[TASK MATERIAL Boundary: Start]

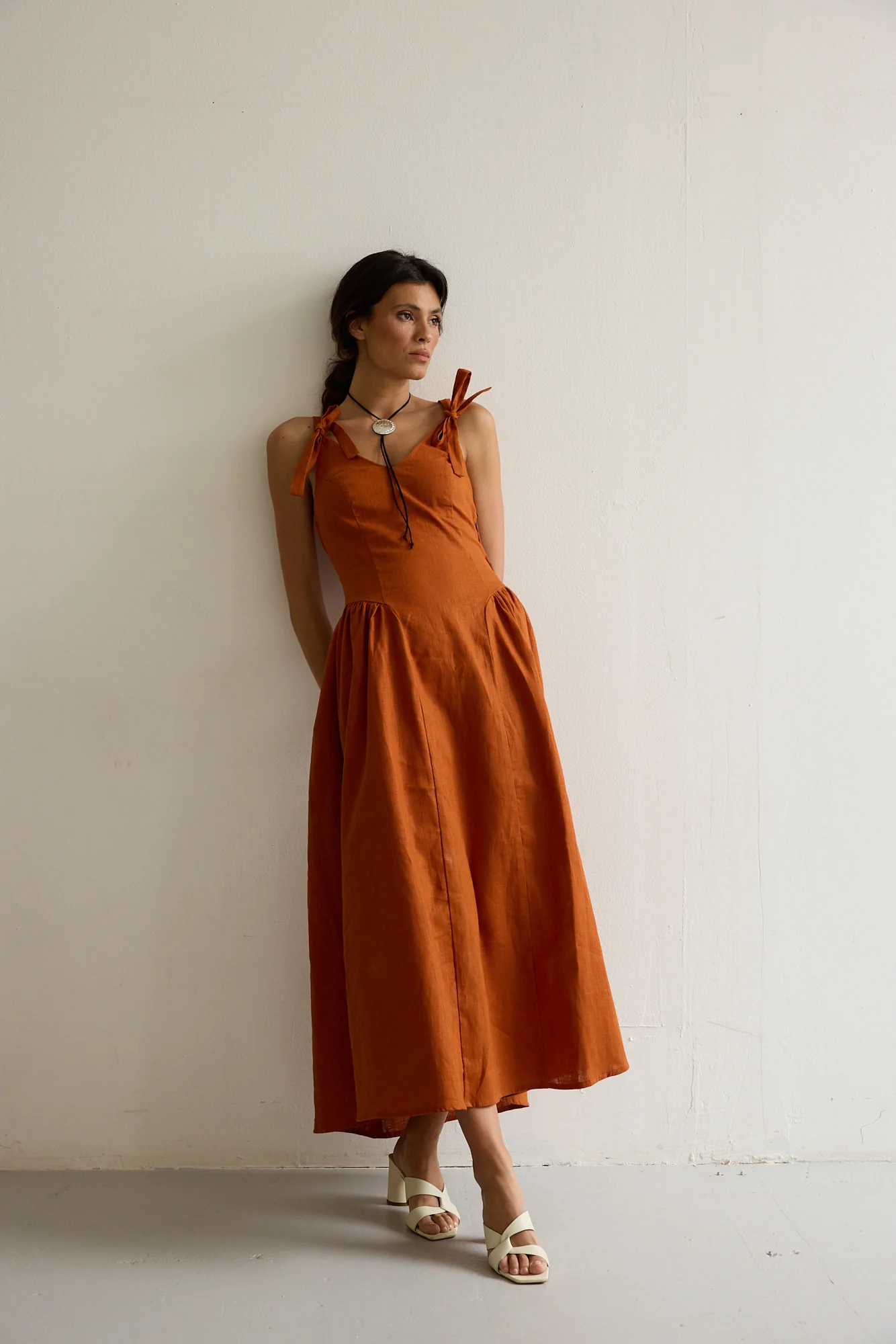 Expertly crafted, the DONNA TERRACOTA dress showcases a princess cut silhouette with charming tie straps and a "V" neckline.
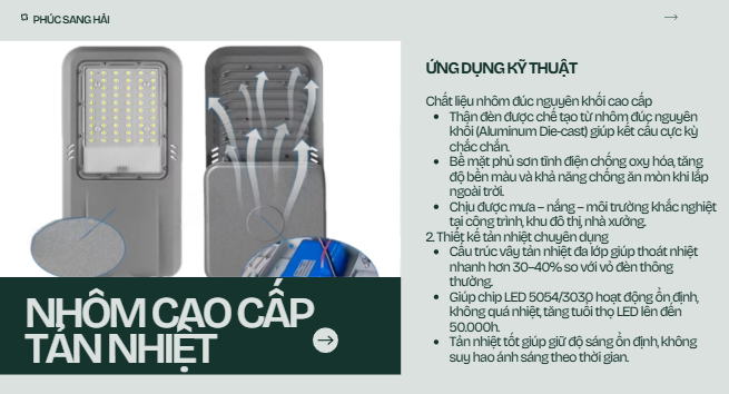 Thân đèn làm bằng hợp kim nhôm đúc cực kỳ chắc chắn
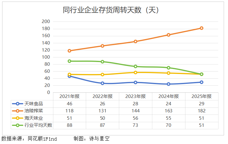 公司存货周转连续四年下滑,去化压力凸显。2025年公司存货周转天数达182天,创历史新高,较2024年的163天、2023年的144天持续攀升,远低于海天味业51天、天味食品29天等快消品同行。
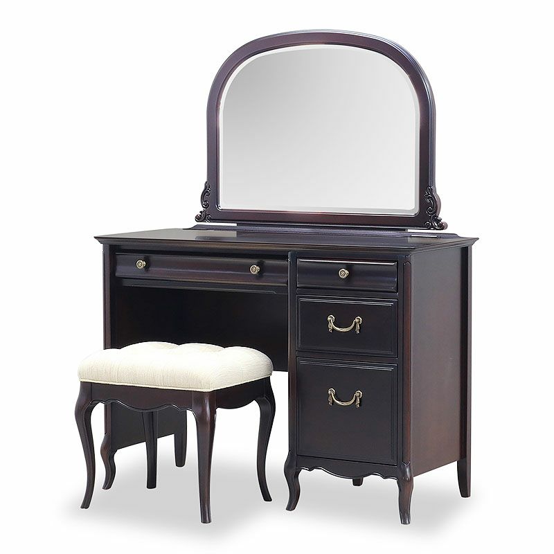 5. Milana-D ミラーナ D ドレッサー3点セット(デスク110・ミラー・スツール)【送料無料・開梱設置込み】ダークマホガニー
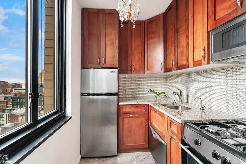 Apt 24C is a charming and pristine Park Avenue studio unit with the incredible unobstructed views. The unit features a foyer with three large closets, wide wall-to-wall East facing windows, and Brazilian oak flooring. The unit is spacious enough for any size bed with room for a sitting area or work office. The windowed kitchen features wood cabinetry with abundant space, marble countertops, a pearlescent backsplash, and stainless steel refrigerator, gas oven/stove, and mounted microwave. The bathroom features marble tile flooring and walls. This warm and bright space is sure to make anyone happy, come see for yourself. It's great for a first-time home buyer or pied-a-terre.
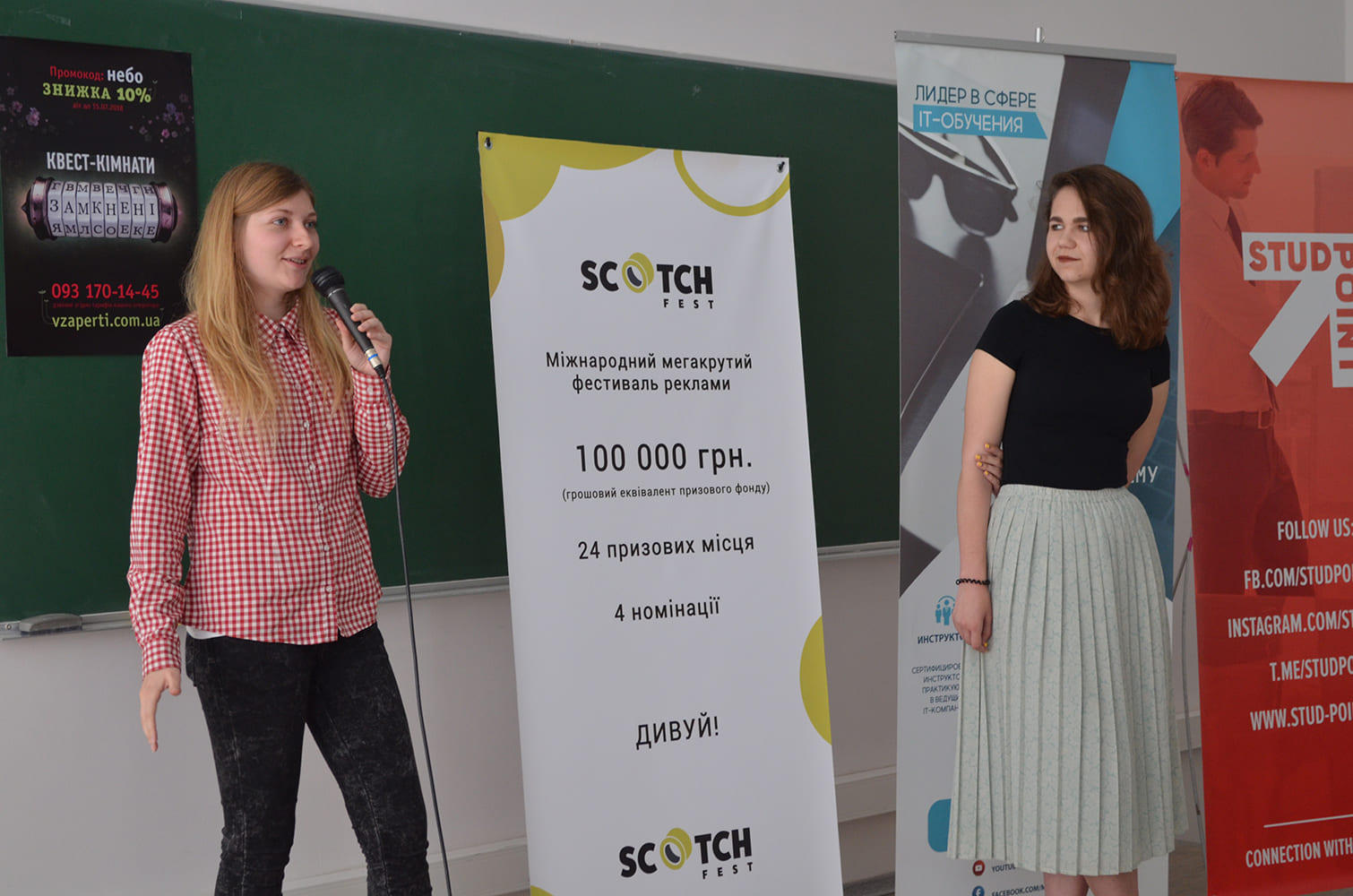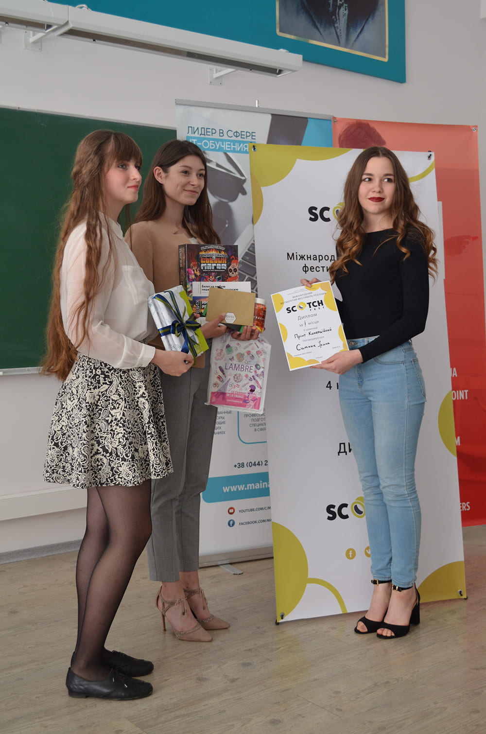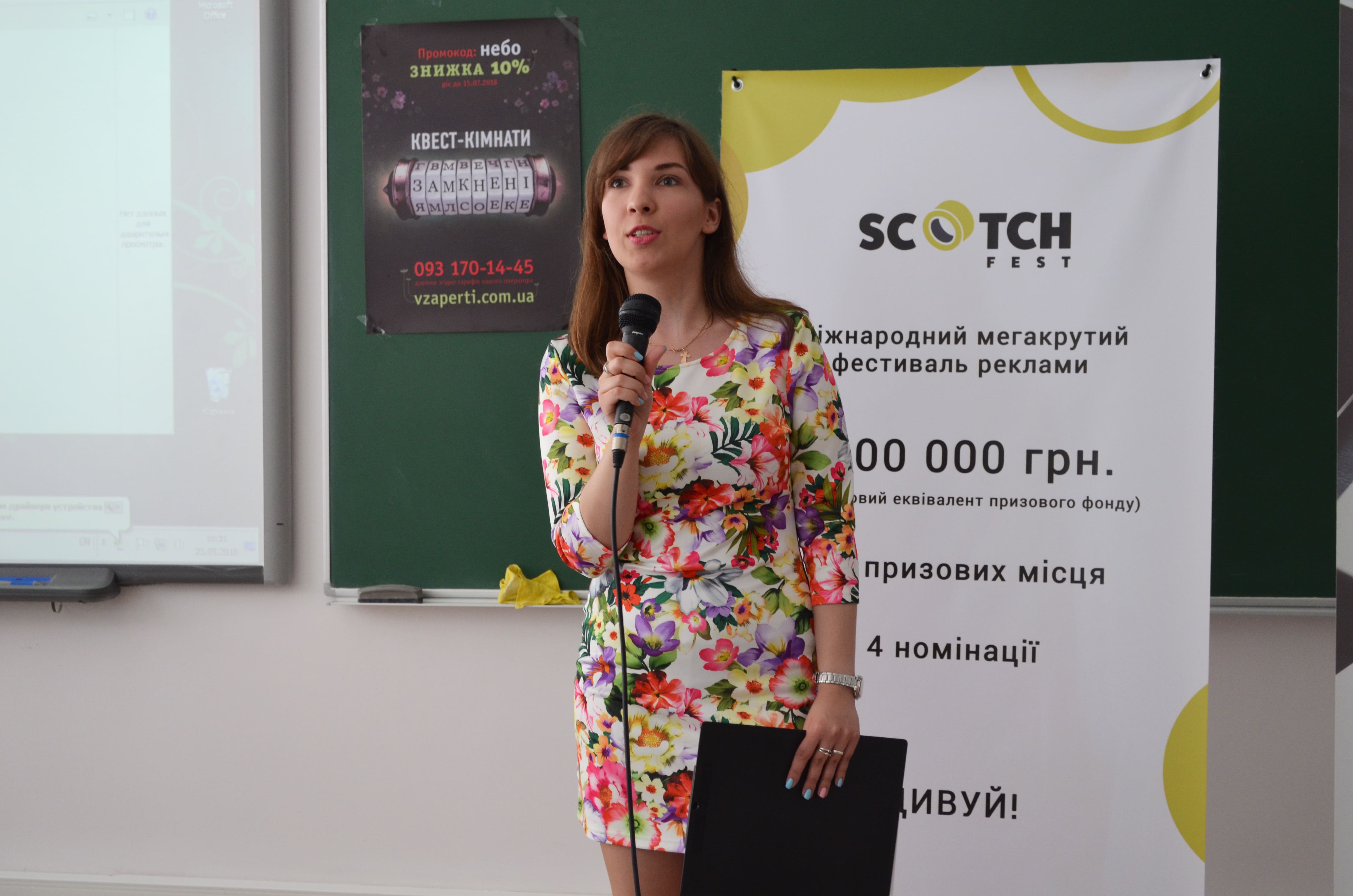 У середу, 23 травня 2018 року в Інституті журналістики відбувся Міжнародний фестиваль реклами “Scotch Fest”. Студенти кафедри реклами та зв’язків з громадськістю Євгенія Травіна, Карина Борзаківська та Вікторія Коваль на чолі з керівником фестивалю – старшим викладачем кафедри Віктором Шияном вчетверте організували святковий настрій для учасників та гостей фестивалю.
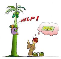 Cela paraissait très raisonnable, et puisque l'homme était une personne très économe, il alla à l'étalage des noix de coco pour acheter une noix de coco d'une roupie. Le vendeur de noix de coco lui dit : "Cinquante paises pour une noix de coco." Une roupie était l'équivalent de cent paises. L'homme dit : "Quoi ? Comment se peut-il que ce soit si cher ? Vendez m'en une pour quarante paises, d'accord ?" Le vendeur dit : "Si vous espérez un si bas prix, vous devez aller chez le grossiste." L'homme marcha donc un long chemin vers le grossiste. Là, les noix de coco étaient vraiment à quarante paises. Il marchanda encore: "J'ai fait un si long chemin jusqu'ici. Vous allez encore me vendre une noix de coco pour quarante paises, alors ce n'est pas moins cher ! Vous feriez mieux de me faire un prix de vingt paises chacune." Le vendeur rit et dit : "Si vous voulez vraiment en avoir une pour vingt paises, alors vous devez vous rendre à la plantation. C'est seulement moins cher à cet endroit." Entendant cela, l'homme décida de faire son achat à la plantation.
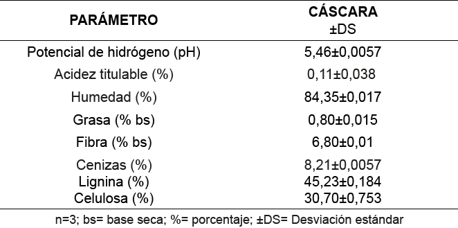Para la determinación de pH de utilizó un potenciómetro con el método AOAC 981.12 [10], el porcentaje de acidez titulable teniendo en cuenta la metodología propuesta por la norma AOAC 939.05 [11], el porcentaje de humedad con la AOAC 20.013 [12]. El porcentaje de grasa se determinó por el método Soxhlet NTC 1142 [13] el porcentaje de fibra mediante la AOAC 962.09 [14], la determinación del contenido de cenizas se llevó a cabo empleando una mufla TERRIGENO teniendo en cuenta la norma TAPPI 211 om-85 [15]. Finalmente, se determinaron las variables de porcentajes de lignina y celulosa, donde la determinación de lignina se llevó a cabo según lo establecido por la norma TAPPI 222 om-88 [16]; la variable de porcentaje de celulosa se realizó empleando la norma NTC 697 [17].
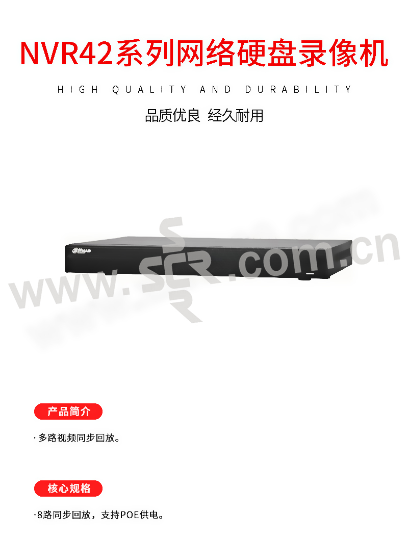 DAHUA/大华 NVR42系列网络硬盘录像机 DH-NVR4208-8P-HDS2 8路同步回放 支持PoE供电 1个
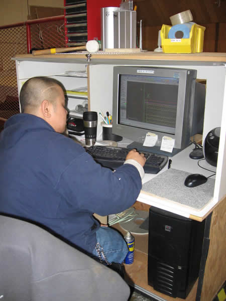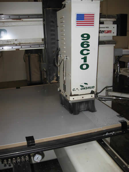 Overhead CNC Operator (Mike) and CNC Mill Creating a Perforated Sintra Panel
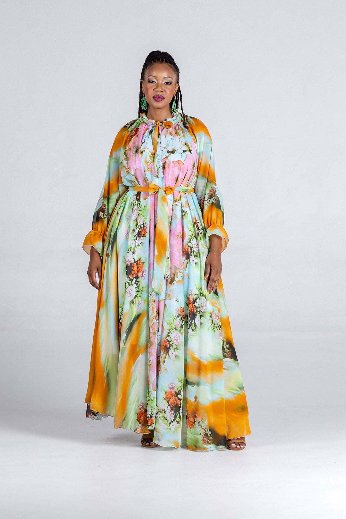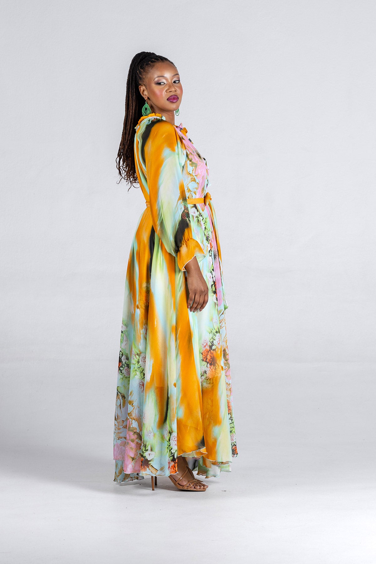 Frida Brown/Stone Maxi Frilled Naomi Dress
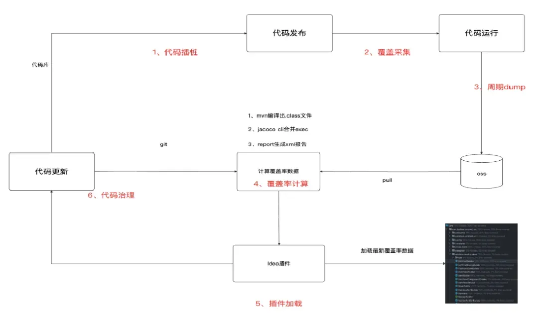 - 数据合并:代码执行情况的采集数据与最新代码版本生成完整代码覆盖情况;(最终代码覆盖=.exec文件+.class文件)

[TASK MATERIAL Boundary: End]

WHAT YOU SHOULD DO:
Please repeat, with no pictures, each line from the start of the records above through the line with "У середу, 23", inclusive, and only those.

EXERCISE RESULT:
 Expertly crafted, the DONNA TERRACOTA dress showcases a princess cut silhouette with charming tie straps and a "V" neckline.
 Thân đèn làm bằng hợp kim nhôm đúc cực kỳ chắc chắn
 公司存货周转连续四年下滑,去化压力凸显。2025年公司存货周转天数达182天,创历史新高,较2024年的163天、2023年的144天持续攀升,远低于海天味业51天、天味食品29天等快消品同行。
 5. Milana-D ミラーナ D ドレッサー3点セット(デスク110・ミラー・スツール)【送料無料・開梱設置込み】ダークマホガニー
 Apt 24C is a charming and pristine Park Avenue studio unit with the incredible unobstructed views. The unit features a foyer with three large closets, wide wall-to-wall East facing windows, and Brazilian oak flooring. The unit is spacious enough for any size bed with room for a sitting area or work office. The windowed kitchen features wood cabinetry with abundant space, marble countertops, a pearlescent backsplash, and stainless steel refrigerator, gas oven/stove, and mounted microwave. The bathroom features marble tile flooring and walls. This warm and bright space is sure to make anyone happy, come see for yourself. It's great for a first-time home buyer or pied-a-terre.
 У середу, 23 травня 2018 року в Інституті журналістики відбувся Міжнародний фестиваль реклами “Scotch Fest”. Студенти кафедри реклами та зв’язків з громадськістю Євгенія Травіна, Карина Борзаківська та Вікторія Коваль на чолі з керівником фестивалю – старшим викладачем кафедри Віктором Шияном вчетверте організували святковий настрій для учасників та гостей фестивалю.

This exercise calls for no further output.